Iya, jadi ketika suatu saat nanti aku kehilangan sosok Mama. Setidaknya masih ada orang lain yang bisa mengingatkanku tentang dia. Tapi itu kalo semisal aku bisa mendapat cintanya Mita.
"Oh Mita itu mirip Mamamu?" bisik Bangrud.
"Iya secara kemiripan wajah sih enggak, tapi kelakuannya itu loh. Dari kelembutan saat dia bicara, ekspresi, raut mukanya, sifatnya sampai logat bahasanya tuh bener-bener 11-12. Ya mungkin itu yang bikin aku nyaman. Bahkan sisi menyebalkan, amarah dan cueknya pun sama hahaha...," terang Adam kembali.
"Hahahaa...," tawa Bangrud.
"Ya gitu bang, bukan membandingkan dia nya sih. Cuma ya gimana ya, aneh ... bingung aku mau njelasinnya gimana. Harusnya ini aku omongin sama dia, tapi aku takut. Kalo semisal dia jadi menjauh gitu, padahal aku itu masih mau untuk ketemu dengan dia, masih mau bicara dengan dia. Akhir-akhir ini aja dia udah mulai nunjukin tanda-tanda itu, seakan-akan aku itu orang yang menjijikkan, sebel," ungkap Adam.
"Hmmm ... i see," ucap Bangrud.
"Gitu deh, jadi aku ngomong gini sekarang itu jujur cuma mau damai aja sama kamu. Kalo misal Mita lebih milih kamu ya ... aku udah bisa sedikit terima sih, tapi sedikit aja. Selama dia bahagia sih nggak apa-apa. Yang jelas, aku mau persaingan yang sehat. Secara kamu itu juga temanku," jelas Adam.
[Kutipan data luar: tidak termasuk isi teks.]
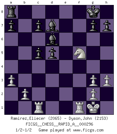 Last move : 1/2-1/2 2023 September 16 16:53:37 [Event "FICGS__CHESS__RAPID_A__000296"] [Site "FICGS"] [Date "2023.07.11"] [Round "1"] [White "Ramirez,Eliecer"] [Black "Dyson,John"] [Result "1/2-1/2"] [WhiteElo "2065"] [BlackElo "2153"] 1.e4 e5 2.Nf3 Nc6 3.Bc4 Bc5 4.c3 Nf6 5.d4 exd4 6.e5 d5 7.Be2 Ne4 8.cxd4 Bb4+ 9.Bd2 Nxd2 10.Nbxd2 O-O 11.O-O f6 12.Nb3 Re8 13.a3 Bf8 14.Bb5 Bg4 15.Bxc6 bxc6 16.Rc1 fxe5 17.dxe5 Rxe5 18.Nbd4 Qe8 19.Qd3 c5 20.Nxe5 Qxe5 21.h3 Bd6 22.Qg3 Qxg3 23.fxg3 Bd7 24.Nf5 1/2-1/2 Follow this game move after move (download)Pawns: they are the soul of this game, they alone form the attack and defense. (Philidor) Stil? Ich habe keinen Stil! (Anatoly Karpov) La mitad de las variaciones que son calculadas en una partida de torneo, resultan ser completamente superfluas. Desafortunadamente, nadie sabe por adelantado cual mitad. (Jan Tinman) La tactique est l'élément le plus important du milieu de jeu. (Siegbert Tarrasch) He who is a good ruler must first have been ruled. (Aristotle)
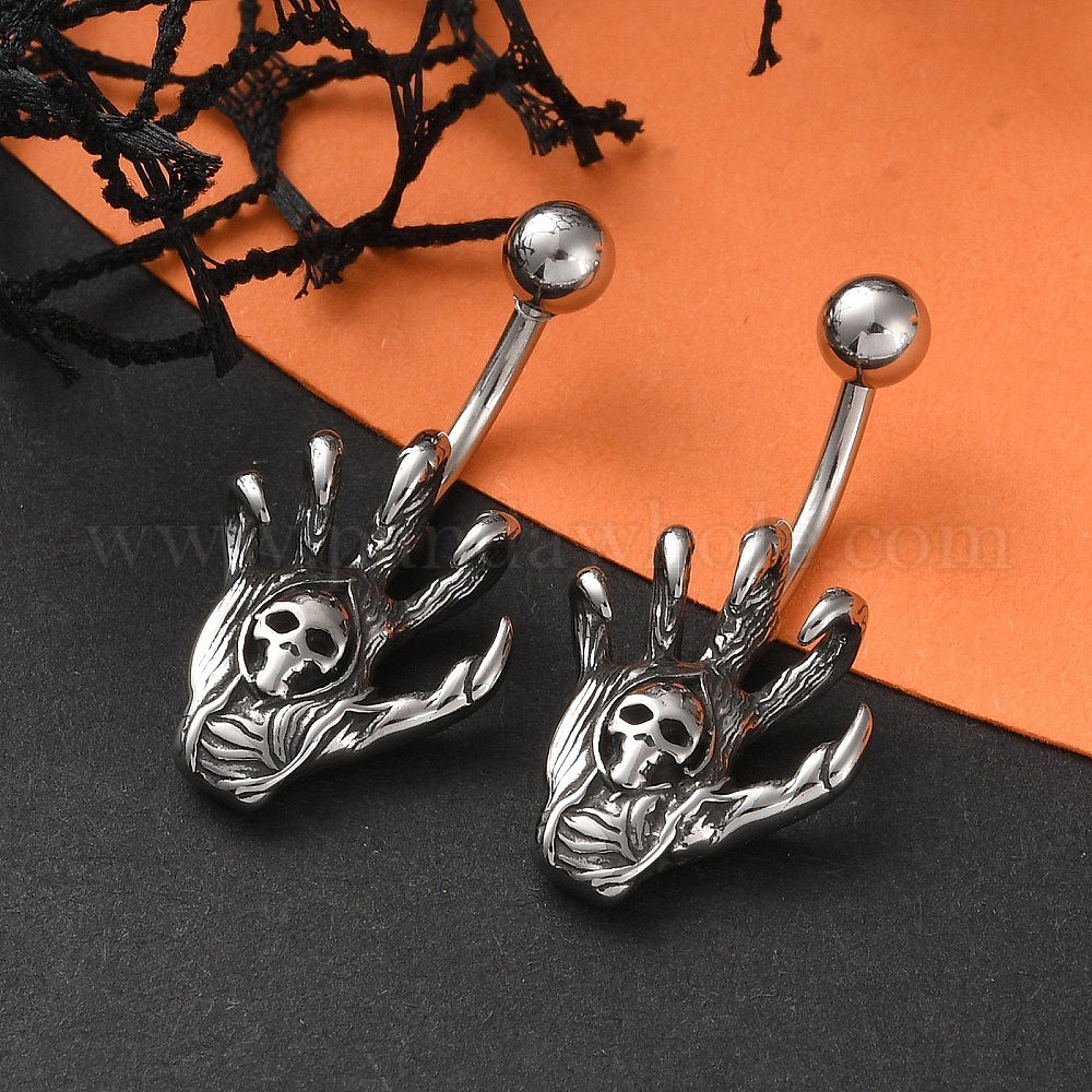 Череп, рука дьявола 316 хирургические кольца из нержавеющей стали для пупка, пирсинг пупка кольца, изогнутая штанга украшения для тела для женщин

Bangrud pun tertawa secara lepas. "Hahahaha ... santai aja, nggak kok...."
Nggak? Nggak apa nih?
"Hmmm? Maksudnya?" Adam coba memastikan.
"Enggak, ya nggak ada apa-apa kok aku sama dia, biasa aja," Bangrud jawab dengan santainya.
Adam lalu teringat dengan kedekatan antara Bangrud dan Mita. "Hah? Lah kemaren-kemaren itu...?"
"Nih ya Dam, aku bilangin ... Aku sama Mita itu cuma temenan aja, nggak lebih. Kalo semisal ngobrol bareng itu paling cuma ngobrol biasa aja, malah kayak sahabat aja," jelas Adam.
"Sahabat tapi lama-lama kan bisa deket? Hahaha...," sindir Adam.